Dolmens n. 1 e 2 degli Adrets (causa AZ 46): entrata per ordine del 22 febbraio 1988

Dati chiave

Georges Bérard - Archeologo Discoverer e ricercatore dei dolmens (1962).
Hélène Barge - Ristorante e archeologia Restauro di dolmen 2 e 3 (1992).

Origine e storia

I Dolmens of the Adrets formano una serie megalitica di quattro sepolture collettive nei pressi di Brignoles, nel Var. Scoperto nel 1962 da Georges Bérard, sono stati ricercati nello stesso anno (n°1 a 3) e nel 1986 (n°4). La loro semplice architettura, con camere rettangolari o quadrate e tumulo ovale, riflette le pratiche funerarie del Calcolo, con sepolture multiple (stimate a 150-200 individui) e mobili caratteristici (ceramica campaniforme, guarnizioni, armi flint).

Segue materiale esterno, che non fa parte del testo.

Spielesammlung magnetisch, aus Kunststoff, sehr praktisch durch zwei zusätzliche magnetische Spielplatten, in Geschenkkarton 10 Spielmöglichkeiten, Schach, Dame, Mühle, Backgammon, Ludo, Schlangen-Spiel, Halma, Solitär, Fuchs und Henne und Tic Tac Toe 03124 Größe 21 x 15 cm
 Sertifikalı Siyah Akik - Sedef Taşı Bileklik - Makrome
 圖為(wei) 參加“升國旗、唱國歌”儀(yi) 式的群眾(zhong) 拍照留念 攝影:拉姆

Dolmen n. 4, il più recente, si distingue per i suoi abbondanti mobili funerari (perle, ciondoli, pugnale flint) e un particolare metodo di sepoltura: i corpi, depositati senza sepoltura iniziale, sono stati disarticolati dopo la decomposizione per organizzare le ossa per tipo. Gli scavi hanno rivelato tracce di occupazione successiva, soprattutto in epoca romana, così come antichi saccheggi che hanno interrotto gli strati archeologici.

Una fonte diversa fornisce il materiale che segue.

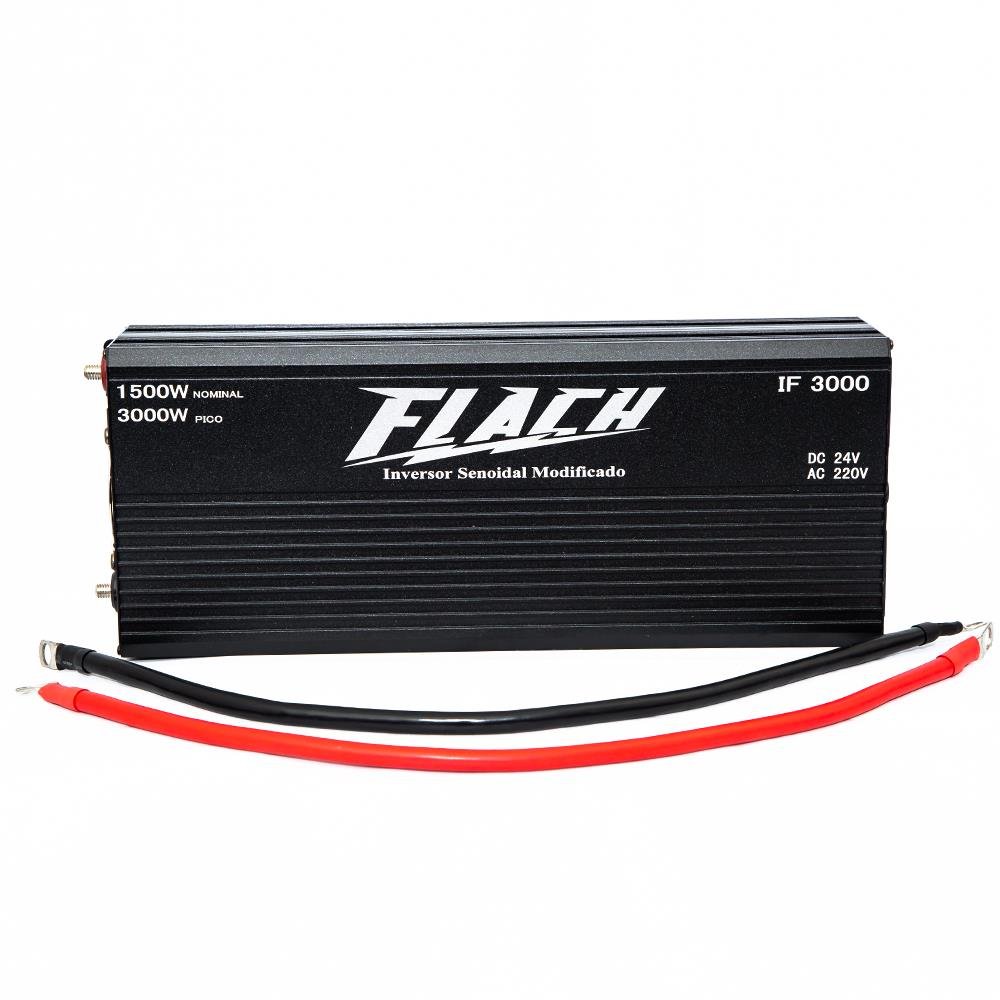 Apresentamos o Inversor de Tensão 12V/220V 1500W/3000W Flach, modelo Semi-Senoidal IF3000, um dispositivo de alta qualidade projetado para converter a tensão de 12V ou 24V de baterias em uma tensão de saída de 220V. Com esse inversor, você poderá utilizar dispositivos e equipamentos que requerem energia de 220V mesmo quando estiver em locais onde essa tensão não está disponível.

I monumenti storici nel 1988 (iscrizione per #1-3, classificazione per #4), questi dolmen illustrano l'evoluzione delle pratiche funerarie tra il caldeo e l'età del bronzo. Il loro restauro nel 1992 da Hélène Barge ci ha permesso di preservare strutture fragili, come le pareti in pietra secca o la tavola di copertura del dolmen n°4, raro esempio intatto nel Var. Studi antropologici (specialmente sui denti di dolmen no. 4) stimato 89 persone sepolte, con una sovrarappresentazione di bambini dai 5 ai 10 anni.

Tutto fa parte di un paesaggio collinare (341 a 352 m sul livello del mare), affacciato sulla pianura di Brignoles. Il tumulo, di varie forme e dimensioni (6-12 m di diametro), è stato costruito da moli locali, talvolta contenuti da pareti a doppia parete. Il loro orientamento occidentale e la loro posizione sui picchi suggeriscono una scelta deliberata legata a considerazioni simboliche o pratiche, come la visibilità o la protezione dalle inondazioni.

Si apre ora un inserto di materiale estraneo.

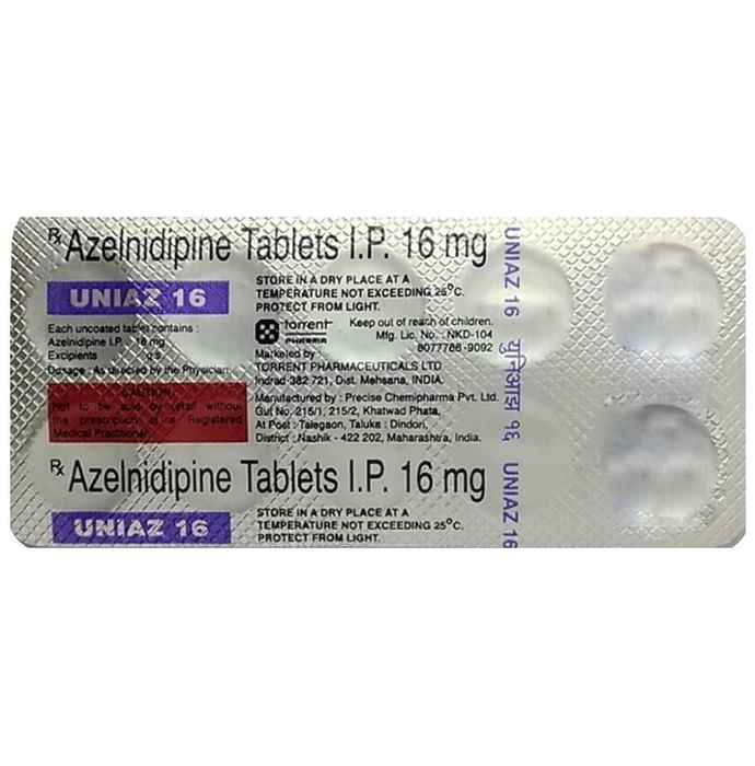 Uniaz 16 Tablet is a medicine used to treat high blood pressure (hypertension). It belongs to a class of medicines known as calcium channel blocker which helps to lower blood pressure and reduce the workload of the heart. This helps prevent heart attacks and strokes. Uniaz 16 Tablet may be prescribed alone or along with other medicines. The dose depends on your blood pressure levels and the severity of your condition. You can take it at any time of the day, with or without food, but it is best to take it at the same time each day. Keep taking it for as long as advised by your doctor. Do not stop this medicine on your own, even if you feel well because high blood pressure often has no symptoms. This makes it hard to identify any sudden spike and if you stop taking it, your condition may get worse. Keeping active with regular exercise, reducing your weight, and eating a healthy diet will also help control your blood pressure. Follow your doctor’s advice while taking this medicine. Studies have shown that it also has a protective effect on the heart. The most common side effects include nausea, headache, edema (swelling in the feet or ankles), and dizziness. Consult your doctor if any of these bother you, or do not go away. They may be able to suggest ways to reduce the side effects. Before taking it, let your doctor know if you have any liver, heart, or kidney problems. Pregnant or breastfeeding women should also consult their doctor for advice before taking this medicine. You also need to tell your doctor what other medicines you are taking, especially those used to treat high blood pressure or heart conditions. You should have your blood pressure checked regularly to make sure that this medicine is working properly.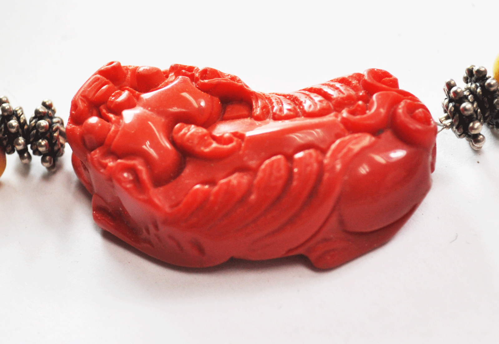 Sterling 10mm Amber Bead 18.25" Necklace Carved Coral Dragon Pendant 25mmX42mm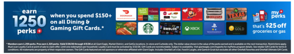 Members earn 1,250 perks, pros earn 1,325 perks when you spend $150 on any dining or gaming gift card. Includes Doordash and Starbucks, One4All Let’s Eat, Food & Laughs, and Game & Grub but excludes all other One4all Favorites and One4all Ultimate Gift Cards.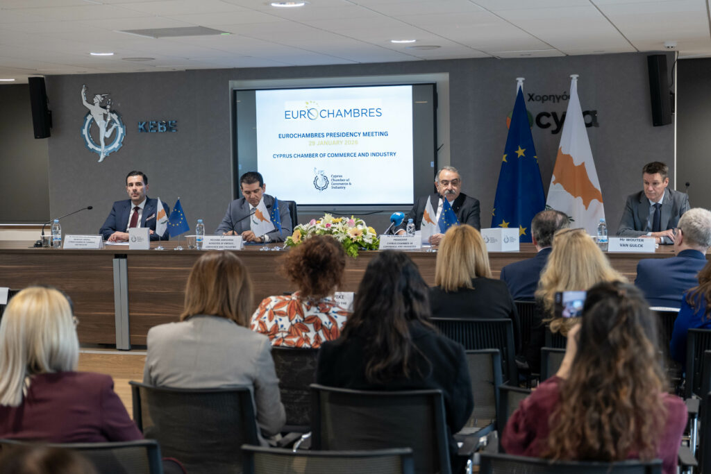Η ανταγωνιστικότητα της Ευρωπαϊκής Ένωσης βρέθηκε στο επίκεντρο της Προεδρικής Συνάντησης των Ευρωεπιμελητηρίων, η οποία πραγματοποιήθηκε στα γραφεία του ΚΕΒΕ στη Λευκωσία, συγκεντρώνοντας ανώτατα στελέχη του δικτύου των Ευρωπαϊκών Επιμελητηρίων και υψηλόβαθμους αξιωματούχους της Κυπριακής Δημοκρατίας. Η συνάντηση πραγματοποιήθηκε λιγότερο από έναν μήνα μετά την έναρξη της Κυπριακής Προεδρίας του Συμβουλίου της ΕΕ, προσφέροντας πλατφόρμα ουσιαστικού διαλόγου για τις ευρωπαϊκές προτεραιότητες ανταγωνιστικότητας.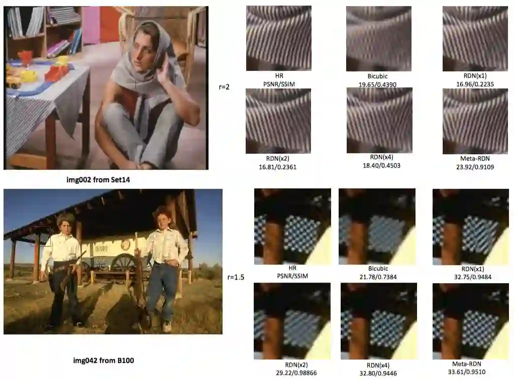 对于 RDN(x4) 和 EDSR(x4),当缩放因子接近 1 时,Meta-RDN 与 RDN(x4) (或者Meta-EDSR 与 EDSR(x4)之间) 存在着巨大的性能差距。此外,当 r>k 时,EDSR(x4) 和 RDN(x4) 不得不在将其输入网络之前放大 LR 图像。
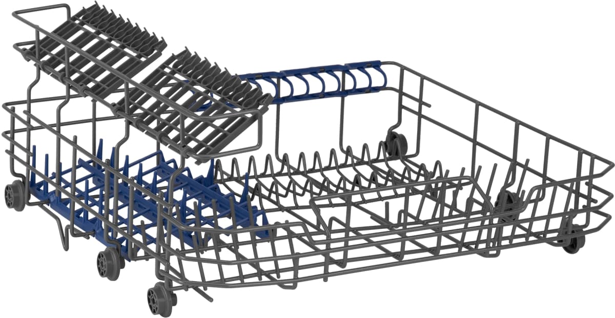 Верхняя корзина может регулироваться по высоте, так что при необходимости в нее можно поместить тарелки большего размера. Нижняя корзина позволяет установить вертикально большие суповые тарелки и блюда большого диаметра — для этого верхнюю корзину можно поднять выше. Тарелки обычно устанавливаются в откидные рамки-держатели, которые легко складываются на дно корзины. Всю посуду в нижней корзине рекомендуется устанавливать без соприкосновения предметов друг с другом, углублением к центру для более интенсивного воздействия струй воды на внутреннюю часть посуды.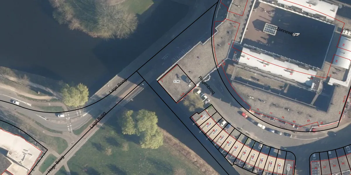 Regenboog 28 is gelegen op kadastraal perceel AMF00O5746. Deze kadastrale aanduiding is uniek en wordt gebruikt door het Kadaster om eigendomsrechten en andere zakelijke rechten vast te leggen. Het perceel maakt onderdeel uit van de kadastrale gemeente Amersfoort.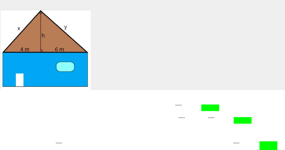 Ao longo da Unidade, verificamos que as razões trigonométricas são fundamentais para a resolução de diversos problemas do dia a dia das Engenharias. A figura a seguir representa a vista frontal de uma casa. O seu proprietário gostaria de instalar placas para geração de energia fotovoltáica nas duas águas do telhado e para isso precisa calcular o seu tamanho. Com o auxílio das razões trigonométricas, obtenha os valores de x, y e h. 𝐶 = 𝑎.𝑚 → 𝑋 = 10.4 → 𝑋 = 40 → 𝑋 = √40 → 𝑋 = 𝟔, 𝟑𝟐𝒎 𝐵 = 𝑎. 𝑛𝑋 = 10.4 → 𝑌 = 10.6𝑋 = 40 → 𝑌 = 60𝑋 = √40 → 𝑌 = √60 → 𝑌 = 𝟕,𝟕𝟓𝒎 𝐻: 𝑝𝑜𝑡𝑒𝑛𝑢𝑠𝑎 𝑌 = 𝐻 + 6 → √60 = 𝐻 + 36 → 60 = 𝐻 + 36 → 𝐻 = 60 − 36 → 𝐻 = 24 → 𝐻 = √24 → 𝐻 ≅ 𝟒, 𝟗𝟎𝒎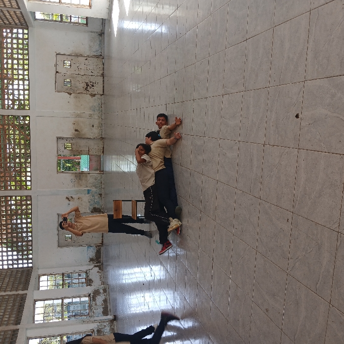 The image portrays an interior scene within a large, utilitarian room in Santa Ana, Venezuela. The room features a light gray tiled floor and off-white walls that exhibit significant staining and discoloration, indicating advanced wear. Multiple windows with visible grilles are present on the left wall, and two sets of double doors, also appearing aged and distressed, are situated in the background. An open doorway to the left of the double doors reveals partial external greenery. In the mid-ground, three individuals are positioned on the floor, lying supine in an overlapping arrangement. The lowest individual is on their back, oriented with their head towards the viewer's right, wearing a light-colored short-sleeved shirt and dark pants. A second individual is partially stacked atop the first, also on their back, with their head oriented towards the viewer's left, wearing similar attire and a bent left leg with a visible red shoe. The third individual is partially atop the second, on their back, with their head oriented towards the viewer's right, also in a light-colored shirt and dark pants. Standing centrally behind this group, a fourth individual faces away from the viewer, holding a black smartphone horizontally as if actively photographing or video recording the scene on the floor. This individual wears a light-colored short-sleeved shirt and dark pants. A single wooden chair is positioned directly behind them. On the far left, a fifth individual is partially visible and blurred due to motion, walking leftward out of the frame, wearing a light-colored top and dark pants. The interaction suggests the documentation of a staged event or exercise.

Gli scavi hanno rivelato una varietà di mobili: ceramica (vasetto globulare con decorazioni campaniformi, urna di ferro), strumenti litici (cornici abrasivi, dagger di 17 cm), e elementi di ornamento (391 colombe, ciondoli ossei o calcarei). Questi manufatti riflettono vaste reti di scambio e una società gerarchica, dove i dolmens servivano sia come siti di sepoltura che come marcatori territoriali per le comunità agro-pastorali.

La violazione di dolmen n°3 nel VI secolo, attestata da teasse ceramiche sigillate, rivela una tardiva riappropriazione di questi siti, forse legati al loro carattere monumentale. Nonostante le perturbazioni archeologiche (pilaggi, occupazioni successive), questi dolmen rimangono una fonte importante per comprendere i riti funerari e l'organizzazione sociale della Francia sudorientale tra il 2500 e il 1500 a.C.